Announcement

Collapse
No announcement yet.

low read Uncache values

Collapse
X
 
  • Filter
  • Time
  • Show
Clear All
new posts

  • low read Uncache values

    Hi Experts,

    We have the following issue with slow RAM on ibm server.
    When the same test is repeated on laptop the read Uncache is pretty good.

    Laptop 3GB(windows 7), Server(server 2012) 512 GB QUAD CPU with NUMA enabled. No option to disable NUMA.

    Laptop (read Uncache: 12029)
    Click image for larger version

Name:	laptop.jpg
Views:	1
Size:	59.3 KB
ID:	35179


    Server(read Uncache: 2574)
    Click image for larger version

Name:	server.jpg
Views:	1
Size:	60.8 KB
ID:	35180

  • #2
    What is the hardware in the server? It might just be that you have a slow machine. If you have ECC RAM, it tends to be slower than non-ECC ram.

    Comment


    • #3
      low read Uncache values

      Originally posted by David (PassMark) View Post
      What is the hardware in the server? It might just be that you have a slow machine. If you have ECC RAM, it tends to be slower than non-ECC ram.
      Yes. It is ECC (Samsung DDR3-1066 Mhz 16GB 4Rx4 PC3L-8400R-07-11-AB1-D3 M393B2K70DM0-YF8 )
      IBM System x3850 X5
      4 * Xeon E7- 4870
      32 * 16 GB= 512 Gb RAM

      Even tried by reducing to 2 * 16GB =32GB per CPU socket (Total 32GB * 4 sockets= 128GB)
      This server is NUMA enabled and does not have an option to disable it.

      How can i convince the customer with the servers actual performance?

      Comment


      • #4
        DDR3-1066E is one of the slowest DDR3 options. The results do seem pretty low however considering how recent the CPU is.

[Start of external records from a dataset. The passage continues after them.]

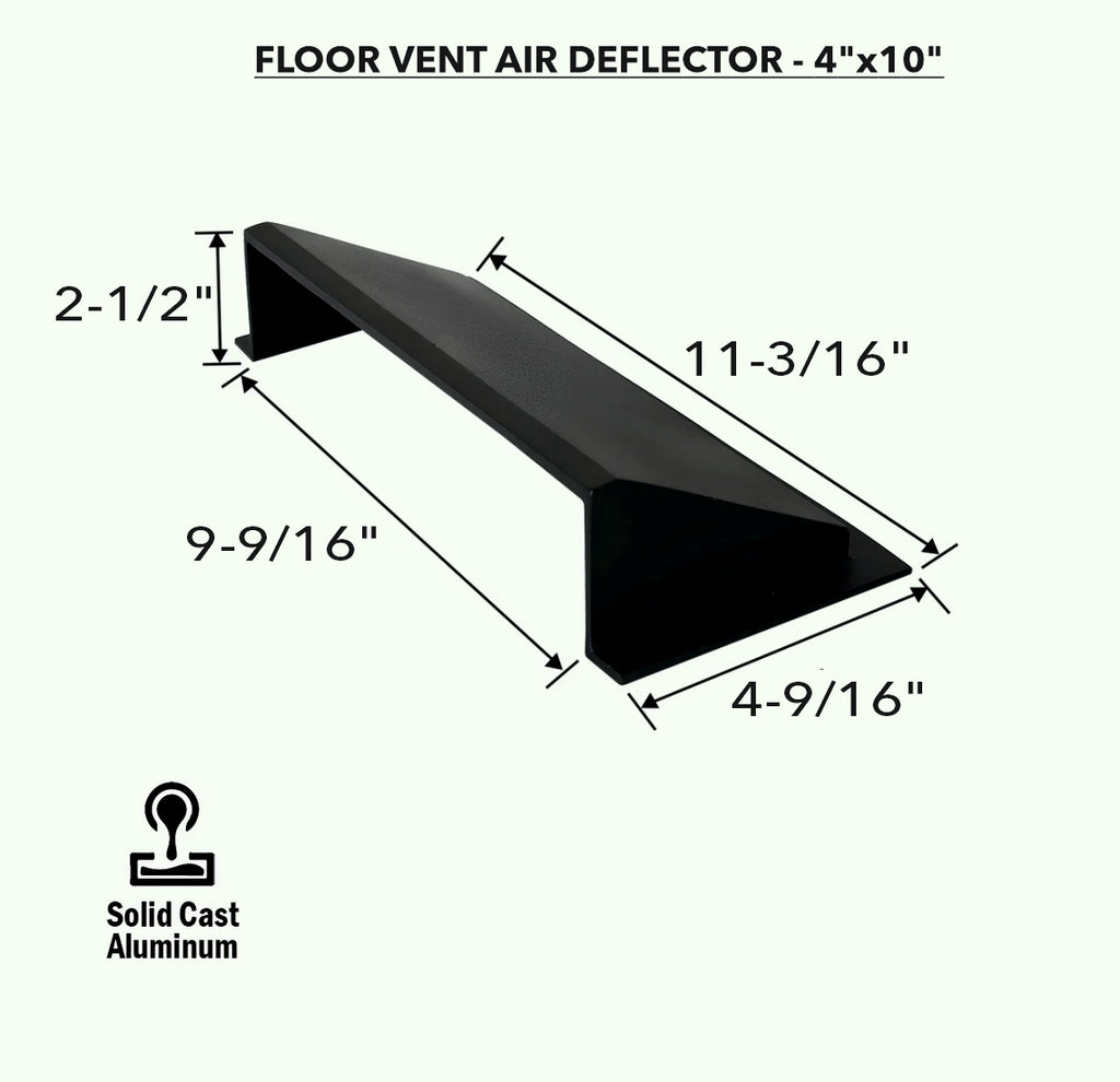 AIR DIVERTER / DEFLECTOR IN METAL FOR 4” X 10” & 3” X 10” FLOOR VENT IN SOLID CAST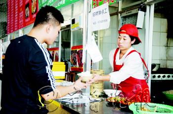 ◥在烟台大学一食堂,米饭一元一份,不够可免费添。     本报记者 韩逸 摄
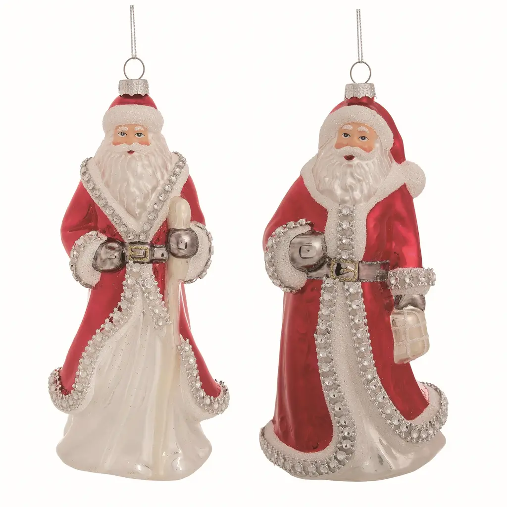 These whimsical Santa Christmas ornaments are exclusive to Sullivans Home Decor. The set of two ornamental Santas wear traditional cowboy hats and vests for a fun Western twist that will bring chuckles during the holiday season. Add these exclusive Santas to your collection of western decor and spread some yuletide cheer, y'all! • Rustic Charm: Add a touch of the Wild West to your holiday décor with our Western Santa Ornaments, featuring iconic Santa figures adorned in cowboy attire for a festive frontier flair. • Perfect Dimensions: These ornaments measure 6.25 inches tall, 1.25 inches wide, and 2 inches long, making them ideal for showcasing on your Christmas tree or incorporating into your ornaments set. • Premium Quality: Crafted from high-quality glass, these ornaments boast durability and intricate detailing, ensuring they become cherished keepsakes for generations to come. • Versatile Display: Whether hung on the tree, placed on a mantel, or used as part of a festive centerpiece, these Western Santa Ornaments bring holiday cheer to any indoor Christmas setting. • Classic Color Scheme: The timeless combination of red and white captures the traditional spirit of Christmas, while the cowboy-inspired design adds a unique twist that will delight guests and family alike. • Experience Timeless Elegance with Sullivan's Home Decor - Celebrating Over 55 Years of Excellence! Explore our extensive collection of quality products, meticulously curated to suit every style, season, and occasion. From classic designs to on-trend accents, Sullivan's Home Decor seamlessly blends tradition with modernity, ensuring there's something special for everyone. Transform your living spaces with our enduring commitment to style and sophistication. • Ornaments measure 2"L x 1.25"W x 6.25"H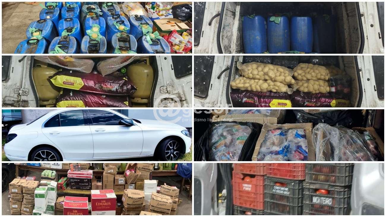 - Uno de ellos trasladaba en la misma carga más de 900 litros de nafta, 6 garrafas de 13 kg, alimento para perros, frutas y verduras, refrescos, carne de pollo, yerba, entre otras mercaderías. El valor total de la mercadería incautada es de 180 mil pesos uruguayos.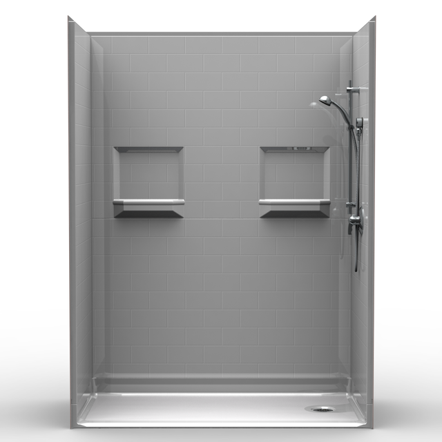 Five-piece 60” x 36” barrier-free shower available in various threshold heights and drains. Fiberglass shower with 4″ x 8″ subway tile look. Luxurious polyester gelcoat finish. No mud setting required. All accessories are priced separately.
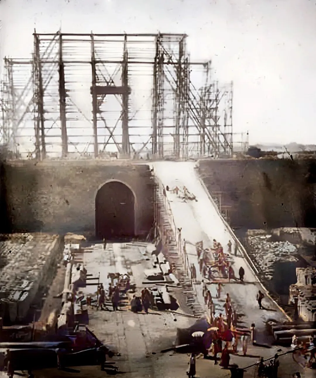 1903年这是工匠们正在重修被八国联军毁过的正阳门,前面搭着坡道,要把木料砖块一车车推上城台,架子搭得快赶上城楼高,一根根杉木杈子硬生生撑起来的阵仗真带劲,小时候见街头盖房子的小工累得直喘气,哪懂这古人更是硬脾气,那年头工具都靠肩扛手搭,啥都能硬生生攒出来。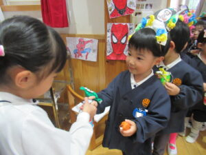 「トリックオアトリート!」とみんなで言うと、「わあ!かわいいね!」「すごい!このキャンディーも作ったの!?」と、他のクラスのお友だちから沢山褒められて嬉しそうなゆり組さん♡頑張って作って良かったね!お友だち同士でも「このキャンディー欲しい」「じゃあこれと交換しよう!」と、楽しんでいました。素敵なハロウィンパーティーになりました。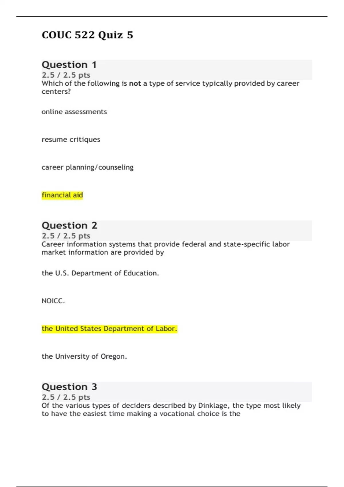 COUC 522 Quiz 5 | Questions and Answers | Liberty University
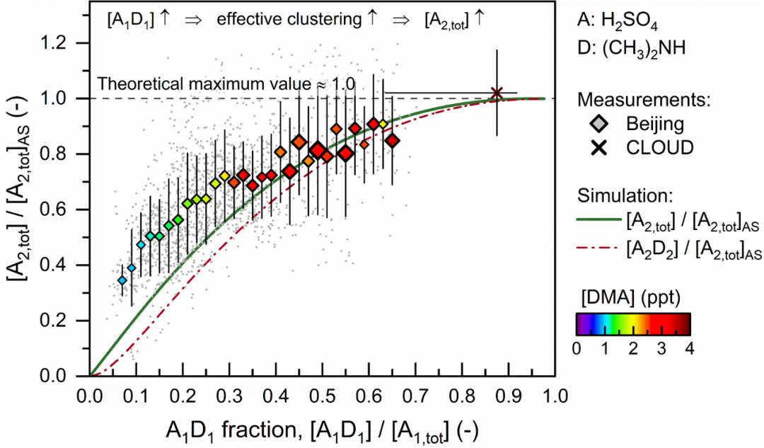 新机制表明,所测得的气态硫酸分子实际上有相当比例以酸碱双分子团簇形式存在,且气态硫酸将以酸碱双分子团簇形式参与更大团簇的生长过程。同时,有机胺浓度的上升可提高酸碱双分子团簇在气态硫酸中的占比,进而增加气态硫酸之间有效碰撞并生成更大团簇的概率,将团簇生成速率和新粒子生成速率推向理论最大值(图3)。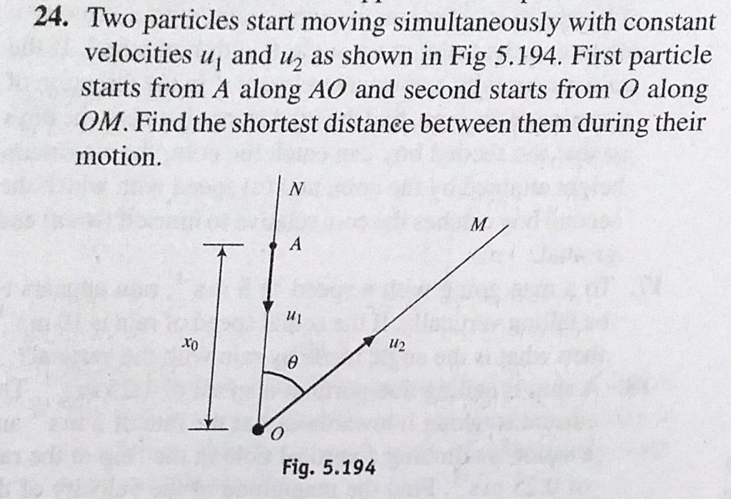 Two particles start moving simultaneously with constant velocities u1 and u2 as shown in Fig 5.194. First particle starts from A along AO and second starts from O along OM. Two particles start moving simultaneously with constant velocities u1 and u2 as shown in Fig 5.194. First particle starts from A along AO and second starts from O along OM. September 22, 2020 Category: Uncategorised (JEE Advanced Physics by BM Sharma + GMP Solutions) , Facebook Messenger WhatsApp Share this:TwitterFacebook Related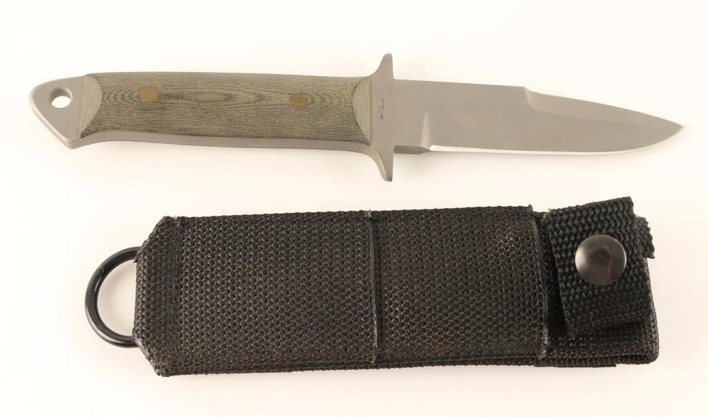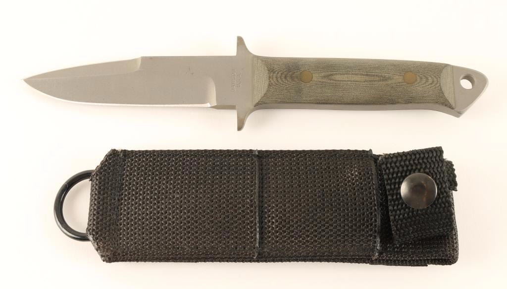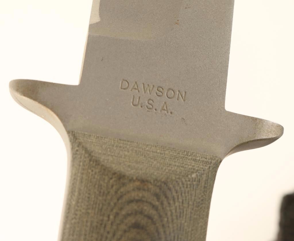 Green micarta wood grain handle with a gray coated stainless steel blade marked 'Dawson U.S.A.'. Measures 8 3/4" overall with a 4" blade. Comes in a black webbing sheath.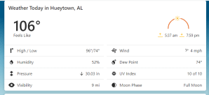 Here in the Deep South, we are experiencing our first gnarly extreme heat wave of the summer with heat indexes expected to be between 104 and 107 all week.

        Is there any information in BIOS for RAM timings / speed selection?
        Is it possible to try 1 CPU and just 32GB of RAM.

        Comment


        • #5
          low read Uncache values

          Originally posted by David (PassMark) View Post
          DDR3-1066E is one of the slowest DDR3 options. The results do seem pretty low however considering how recent the CPU is.

          Is there any information in BIOS for RAM timings / speed selection?
          Is it possible to try 1 CPU and just 32GB of RAM.
          This server is compatible DDR3-1333 as well. Will the upgrade bring significant improvement?
          But we could not afford additional cost which is involved with this.

          BIOS does not have any option to select RAM timings / speed.

          We thought of trying with 1 CPU option, but it needs entire mother board change. So not an option.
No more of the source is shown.